> [Required action]: Retype the material that follows exactly, limited to the lines from the one with "Perfil dilatação união" through the one with "砂色地 笹文 なごや帯", and keep out all pictures.

> [Data for analysis]:
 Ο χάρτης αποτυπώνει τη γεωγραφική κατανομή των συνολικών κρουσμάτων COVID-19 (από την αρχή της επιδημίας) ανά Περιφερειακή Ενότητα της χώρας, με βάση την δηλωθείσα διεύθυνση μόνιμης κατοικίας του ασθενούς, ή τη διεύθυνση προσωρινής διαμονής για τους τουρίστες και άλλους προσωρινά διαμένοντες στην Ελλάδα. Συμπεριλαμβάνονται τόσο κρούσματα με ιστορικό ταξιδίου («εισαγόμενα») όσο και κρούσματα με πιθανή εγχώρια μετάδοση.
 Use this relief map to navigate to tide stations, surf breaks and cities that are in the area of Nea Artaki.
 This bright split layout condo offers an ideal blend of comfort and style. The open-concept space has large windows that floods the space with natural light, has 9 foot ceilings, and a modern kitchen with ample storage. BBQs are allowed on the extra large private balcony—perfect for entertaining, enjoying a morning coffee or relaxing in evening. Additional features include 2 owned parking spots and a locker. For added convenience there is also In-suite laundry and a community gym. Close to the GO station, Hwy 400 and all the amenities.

...

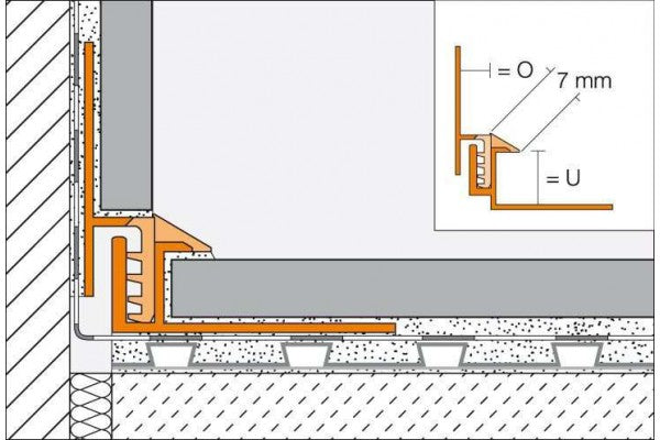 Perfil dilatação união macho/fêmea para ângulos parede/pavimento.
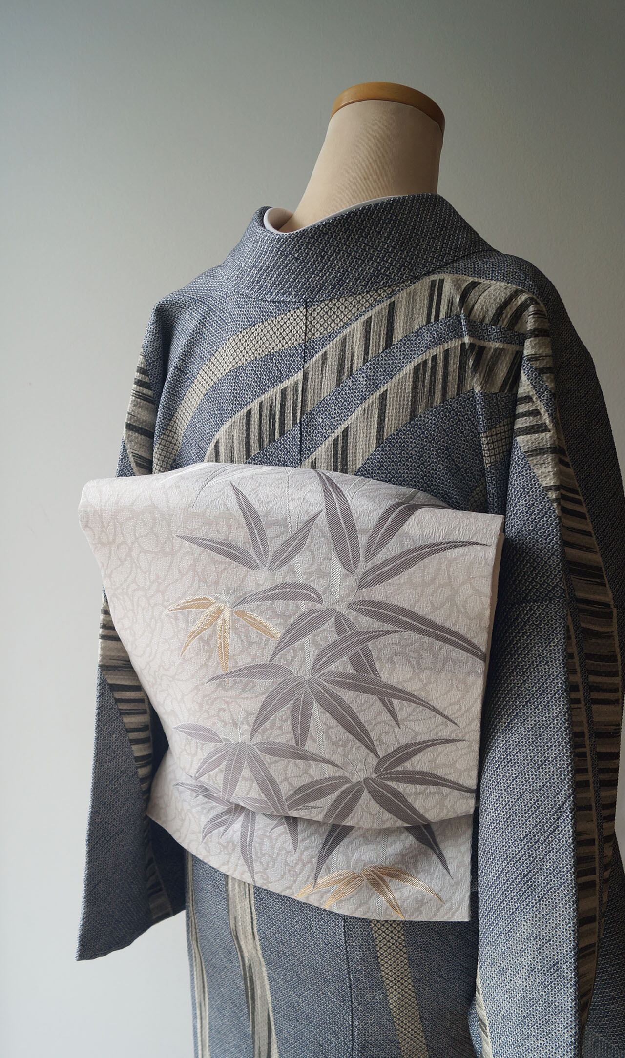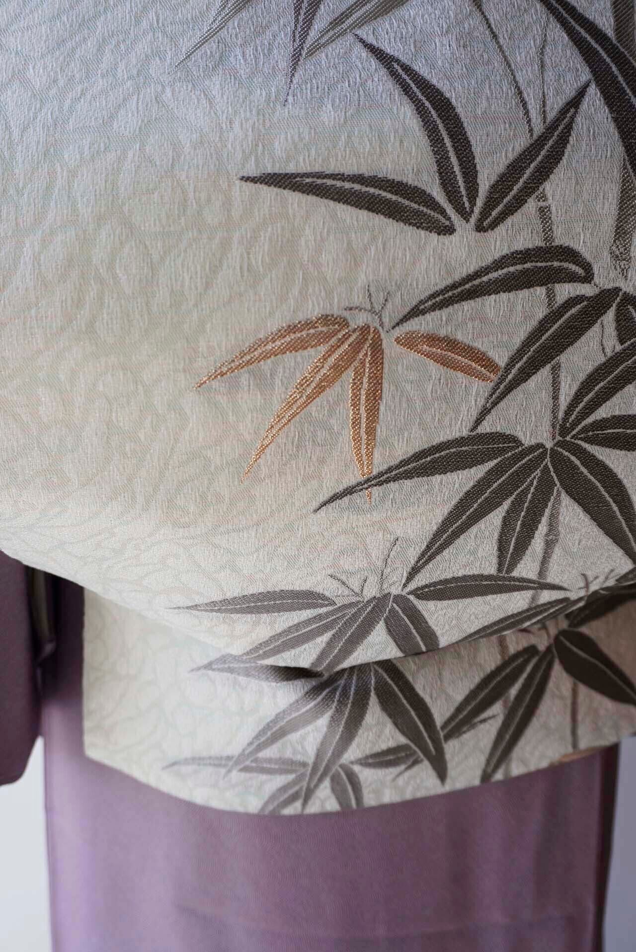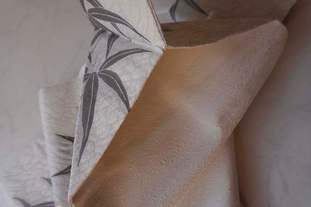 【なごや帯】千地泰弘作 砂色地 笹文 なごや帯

> [Written solution]:
 Perfil dilatação união macho/fêmea para ângulos parede/pavimento.
 【なごや帯】千地泰弘作 砂色地 笹文 なごや帯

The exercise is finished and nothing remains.